Contos de Mistério - Cap. 8: O ESPELHO DE PRATA
(The silver mirror) Pág. 157 / 167

Mas, à medida que olhei mais fixamente ou que a visão se definiu melhor, descobri que era uma mão de homem, contraída pelo desespero, e que se agarrava à roupa num apertão convulsivo. O resto da figura abatida permanecia vago; mas esta mão vigorosa que se destacava a claro naquele fundo escuro assumia um sentido trágico. O homem tem medo, horrivelmente medo. Distingo isto facilmente. De onde lhe chega este medo? Por que se agarra sofregamente ao vestido da mulher? É o que me explicam os movimentos das personagens do segundo plano. Ameaçam-no. Hipnotizado pelo espectáculo, esquecido da sua relação com os meus nervos, eu mirava, mirava sem descanso, de olhos esbugalhados, como se passa no teatro. Mas não pude ir mais longe. O nevoeiro espessou-se. Houve movimentos tumultuosos em que se misturaram todas as figuras. E o espelho recuperou a sua transparência.

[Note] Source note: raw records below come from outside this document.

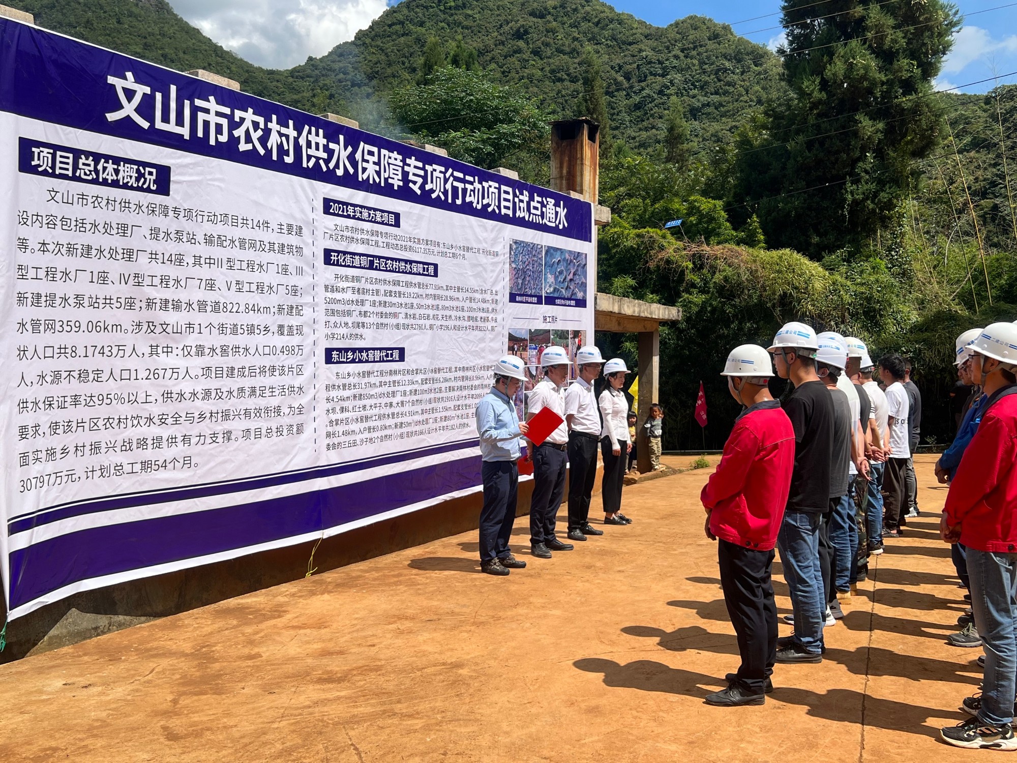 8月23日下午,第九直管部承建的文山市農(nóng)村供水保障專項(xiàng)行動(dòng)項(xiàng)目首通水儀式在東山鄉(xiāng)南林村委會秀水壩舉行,文山市人民政府副市長、市水務(wù)局、東山鄉(xiāng)政府、項(xiàng)目公司領(lǐng)導(dǎo)及各項(xiàng)目參建單位代表、當(dāng)?shù)厝罕姽餐瑓⒓恿送ㄋ畠x式。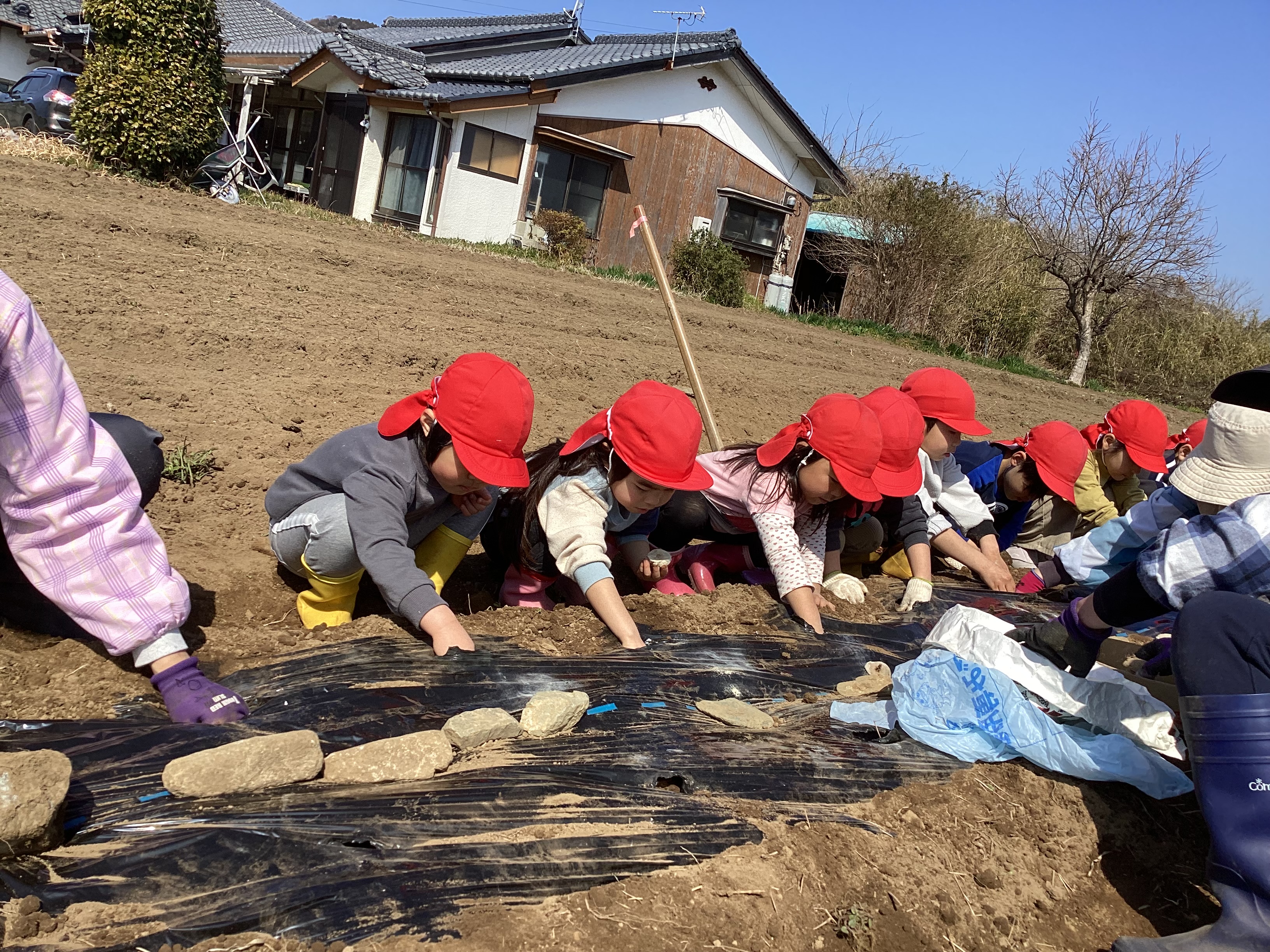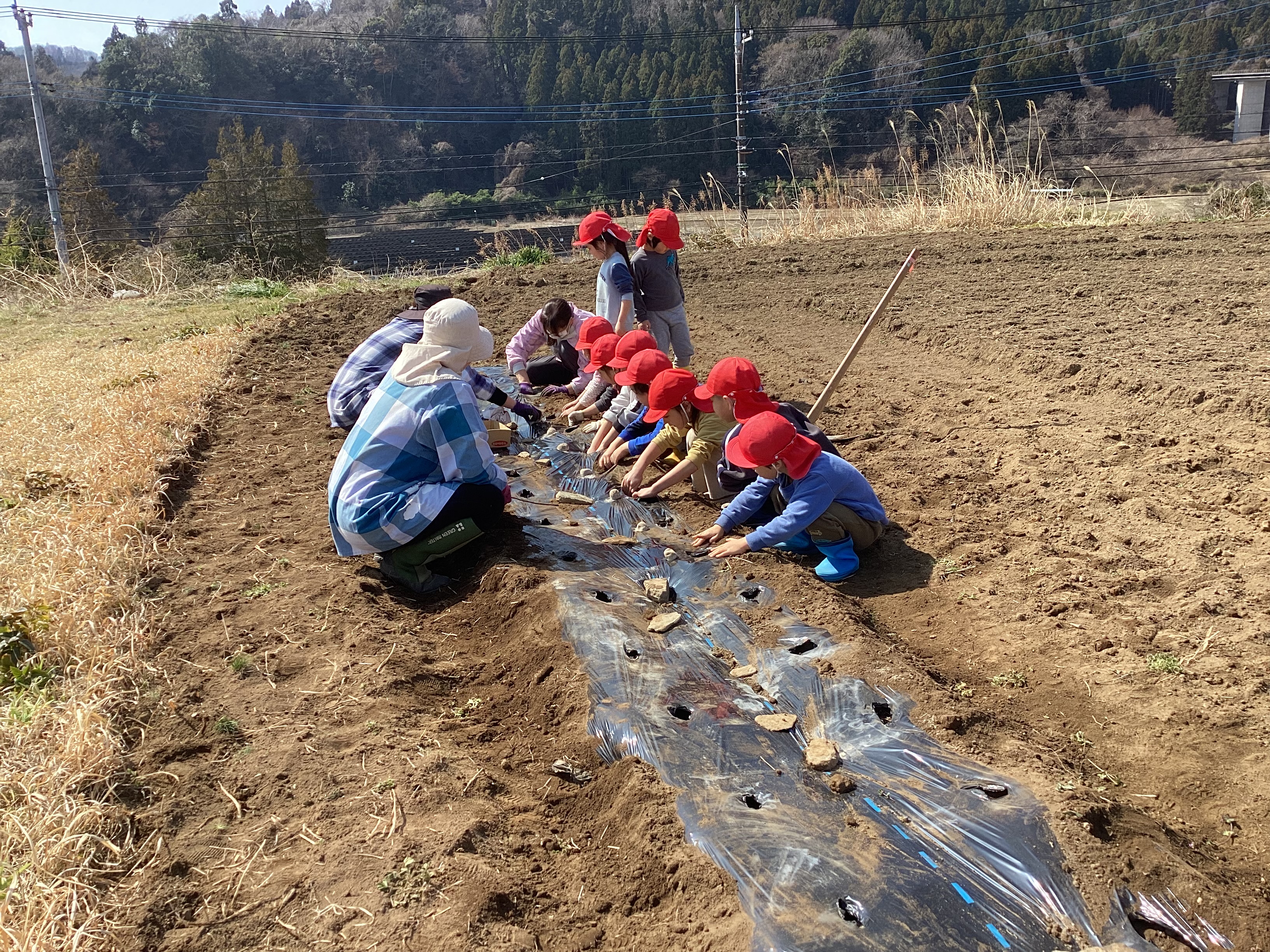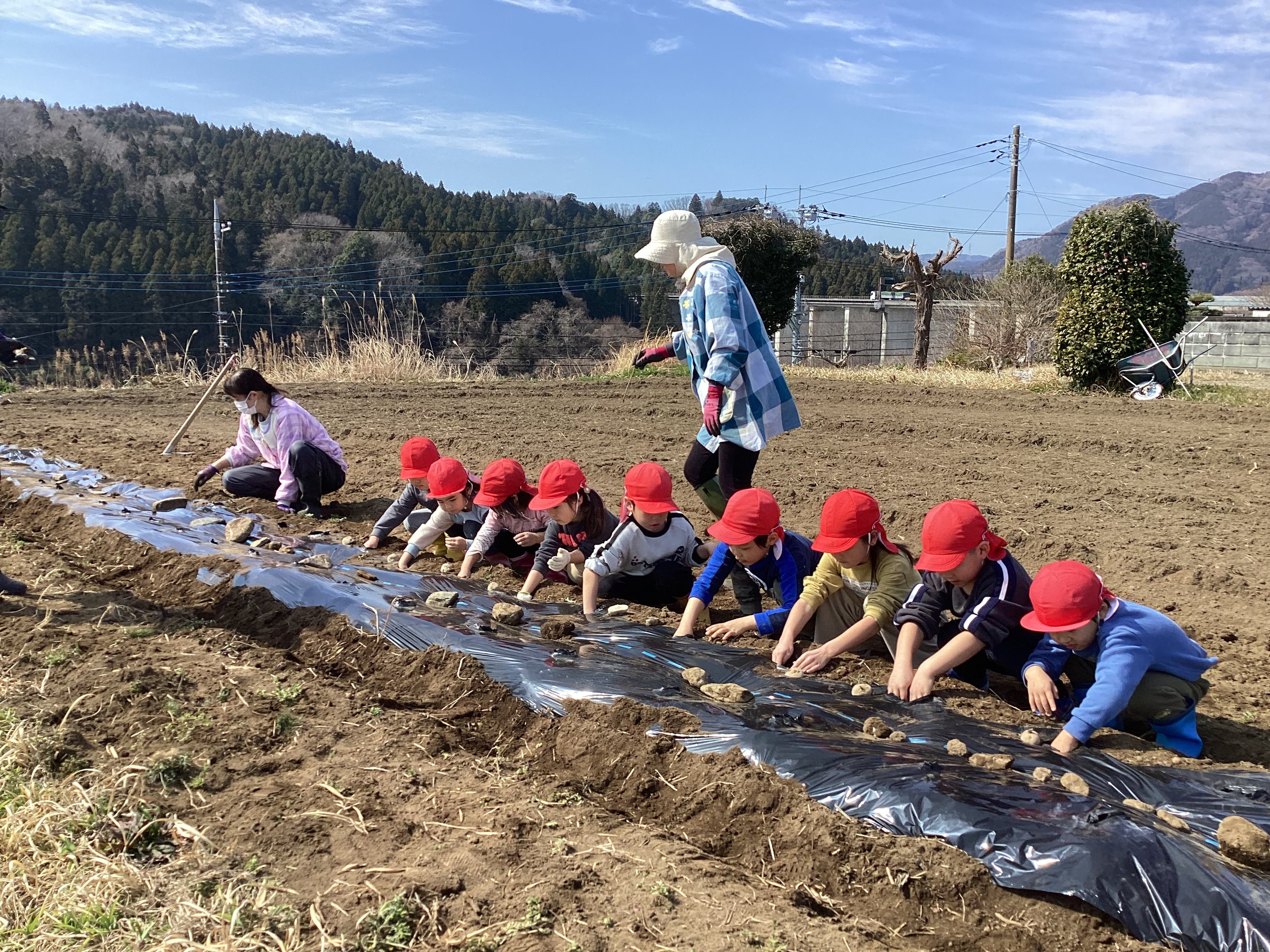 ★3/17日(火)じゃがいも植えをしました。今年も地域の方の畑をかりてじゃがいもの植え付けをしました。就学時は収穫時は、小学生になり食べられないけれど、みんながたくさん食べれるようにと一つ一つ丁寧に土中に入れて、「じゃがいもおおきくなーれ」「いっぱいなーれ」と願いを込めて植えていましたね。じゃがいも植え1[JPG:3.74MB]じゃがいも植え2[JPG:5.08MB]じゃがいも植え3[JPG:5.15MB]じゃがいも植え4[JPG:6.19MB]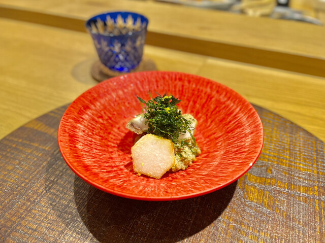 季節ごとの最高の素材を調理して盛り付けるプロセスが、こちらの視線と心を店主の手元に引き付けて、カウンターに楽しい一体感をもたらし見ている段階からご馳走。

O doutor aconselhou-me uma paragem de vinte e quatro horas. Posso permitir-mo, pois adiantei imenso o meu trabalho nestes últimos dias. Sem contradição, as minhas visões dependem unicamente do meu estado nervoso porque pude, esta noite, permanecer em vão durante uma hora em frente do espelho. Um dia de descanso repôs tudo em ordem. Pergunto-me se terei alguma vez a explicação do enigma. Há pouco, examinei o espelho a uma boa luz, e acabei por apanhar, além da misteriosa inscrição "Sanc. X. Pal.", certos sinais heráldicos muito fracamente visíveis na prata da moldura. Devem datar de tempos muito longínquos, porque estão quase sumidos. Julguei reconhecer três ferros de lança, dois em cima, um em baixo. Hei-de mostrá-los ao doutor se ele vier falar comigo amanhã.

14 de Janeiro. Sinto-me novamente muito bem, em condições de chegar sem paragens ao fim da minha tarefa.